The question raised by these analyses is whether the worst outcome associated with the administration of baseline steroids for palliative reasons is due to the frailty of patients or is due to the immunosuppressive function of steroids that impair the creation of a strong immune response in the patient.
In our analysis, when we compared the patients’ PFS by the onset of the steroid treatment (early vs. late), we did not find significantly shorter PFS in patients treated with steroids due to an irAE that occurred within the first 30 days from the start of immunotherapy. However, a meta-analysis including 16 studies with 4045 patients treated with ICIs confirmed that the use of steroids to manage adverse events did not impact OS, in contrast to their administration for disease-related symptoms, where both PFS and OS were impaired [16,21]. However, a previous retrospective analysis did not specifically report the outcome of a patient who received an early (first 4–8 weeks) administration of steroids to treat irAEs. Thus, to our knowledge, our data are the first to show that an early steroid administration to treat irAEs that occur early after the start of immunotherapy does not have a detrimental impact on patient prognosis.
Moreover, we reported that patients who were treated with steroids due to an irAE occurring 30 days after the beginning of immunotherapy had significantly longer PFS (p = 0.017). Importantly, this association was confirmed in a multivariate analysis, and to our knowledge this is the first study to indicate that the development of irAEs treated with steroids represents an independent predictor of ICIs’ efficacy. Intriguingly, a potential association with better prognosis in patients reporting irAEs has been previously described [34,35,36], thus balancing the immunosuppressive effect of steroid use. This is an important message to clinical oncologists, underlying the relevance of a rapid and appropriate steroid treatment in patients who experience irAEs precisely due to their better prognosis. The interpretation of our study results is mainly limited by its retrospective nature, the heterogeneity and the low number of the sample of patients. However, despite these limitations, our study might provide interesting and confirmatory results for previous reports, which could be helpful in the clinical management of patients treated with ICIs. A prospective study with larger and more homogeneous cohorts is required to confirm our findings.

4. Materials and Methods

4.1. Patients

We retrospectively analyzed data from 146 patients treated with ICIs at the Medical Oncology Unit, Careggi University Hospital (Firenze, Italy) from March 2016 to March 2020.
Patient inclusion criteria included age >18, a histologically confirmed diagnosis of metastatic NSCLC, melanoma or RCC and treatment with ICIs. Patients were treated with nivolumab, atezolizumab or pembrolizumab, depending on the histology subgroups and therapy line. Patients received treatment either until disease progression or excessive toxicity.
All occurring irAEs and data about their grade and their management with steroid treatment, including the type of steroid used, dosage and duration of therapy, were recorded in accurate case histories.
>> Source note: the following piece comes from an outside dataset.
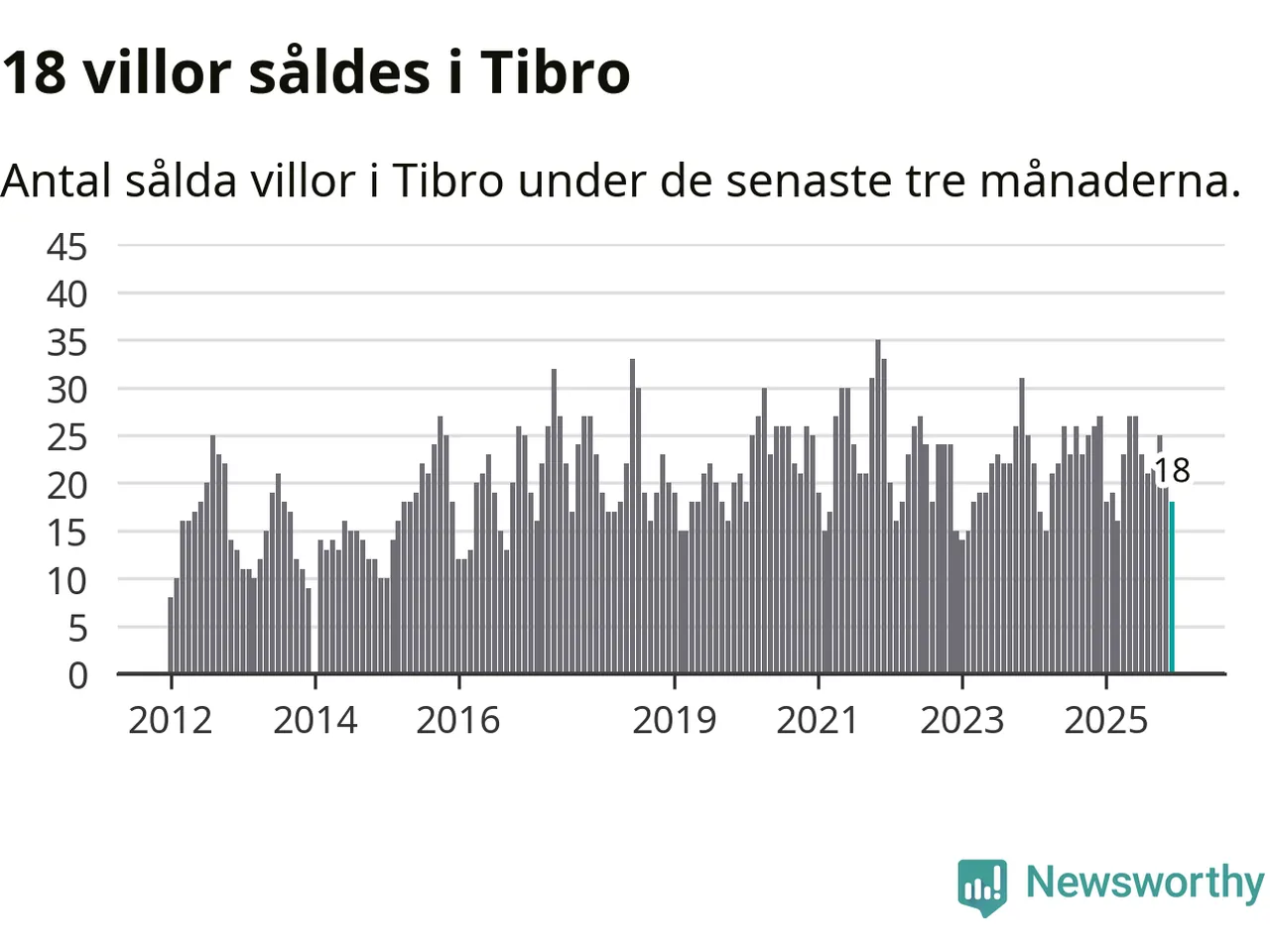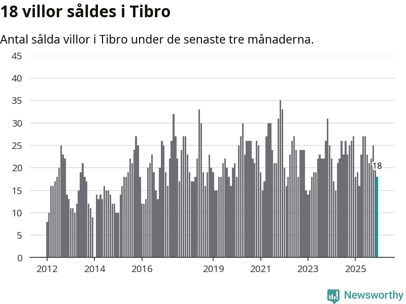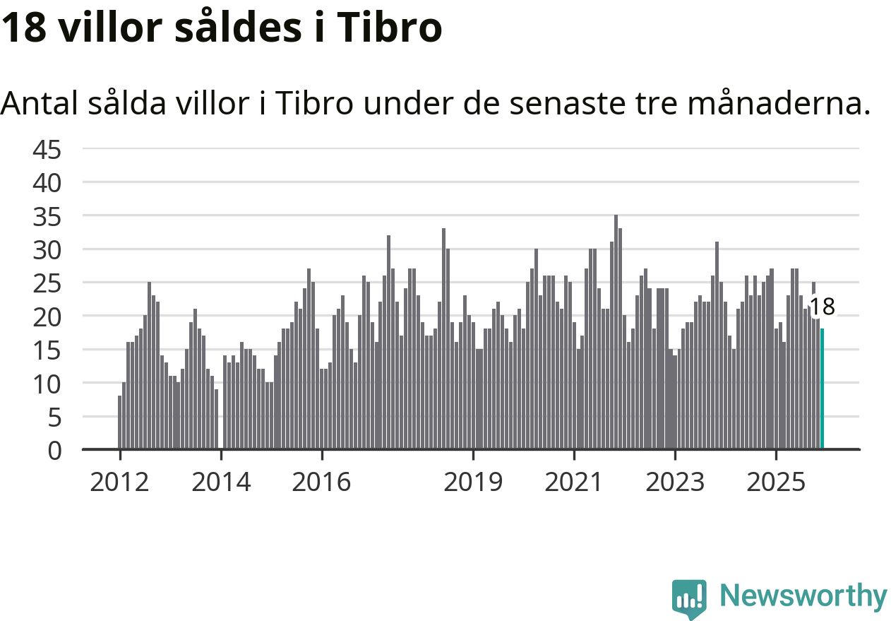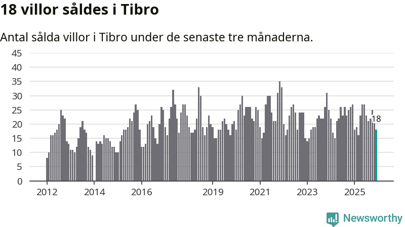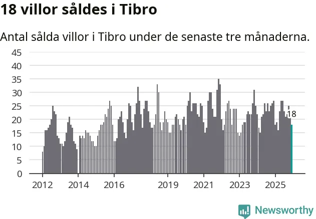Mellan oktober och december gjordes sammanlagt 18 affärer med villor i Tibro kommun. Det kan jämföras med 27 vid motsvarande tid i fjol.

The worst toxicity grades per subject will be tabulated for AEs and on-study laboratory measurements by using the National Cancer Institute (NCI) Common Terminology Criteria for Adverse Events (CTCAE) version 4.0. All patients had a measurable disease according to the Response Evaluation Criteria in Solid Tumors (RECIST v 1.1) [37], and the disease progression was confirmed 4 to 8 weeks later after first radiologic evidence of PD in clinically stable patients according to the immune (i)-RECIST [37].
All patients signed an informed consent form for the ICIs treatment reporting the possible occurrence of AEs and their registrations in clinical records. This study was conducted by adhering with the World Medical Association Declaration of Helsinki and was independently reviewed and approved by the Independent Ethics Committee (IEC) for Clinical Trials of the Tuscany Region (approval No.: 17332_oss). All patient data were managed in anonymity and de-identified prior to analysis.

4.2. Statistical Analyses

Estimates of PFS in the steroid and steroid naïve groups of patients or different subgroups were calculated using the Kaplan–Meier method, and statistical significance was examined via a log-rank test. A significance level of p < 0.05 was used for statistical analyses. The univariate analysis and the Cox proportional hazard model were employed to calculate the hazard ratios (HRs) and appropriate 95% CIs. Afterward, the independent effect of each parameter on PFS was investigated by a multivariate Cox regression model. All data were analyzed using the statistical software Jamovi (version 1.6, Sidney, Australia).

5. Conclusions

Even with some intrinsic limitations, our study may provide a valuable clinical message to oncologists. We produce interesting findings regarding the lack of association between exposure to steroids for cancer-unrelated indications and worse outcomes from anti-PD1/PD-L1. Our results are in line with those of some previous retrospective analyses reporting that the introduction of steroids within the first eight weeks of ICI therapy in patients with advanced NSLCL had no detrimental impact on the prognosis if the indication for steroid use was not related to cancer symptoms. Remarkably, despite our overall results being derived from only a single center study and from a small sample size of patients treated for early irAEs, they certainly reassure one about the use of steroids during immunotherapy and point out that systemic steroids administered to manage irAEs might not have a detrimental effect on the patient clinical outcome.
We are planning to further assess the possible detrimental effect of baseline steroids on immunotherapy clinical outcomes and to prospectively validate our retrospective data about the absence of a negative association between the use of steroids for the management of irAEs and the efficacy of ICIs.

Author Contributions

Conceptualization A.P., L.A.; Interpretation of data: D.L., F.M., E.G. (Elisa Giommoni), A.A.; Data curation, R.G., C.B., M.B.; Writing—original draft preparation, A.P., E.G. (Elisabetta Gambale); Writing—review & editing, S.P., S.B.; Supervision, L.A., M.M.C. All authors have read and agreed to the published version of the manuscript.

Funding

This research received no external funding.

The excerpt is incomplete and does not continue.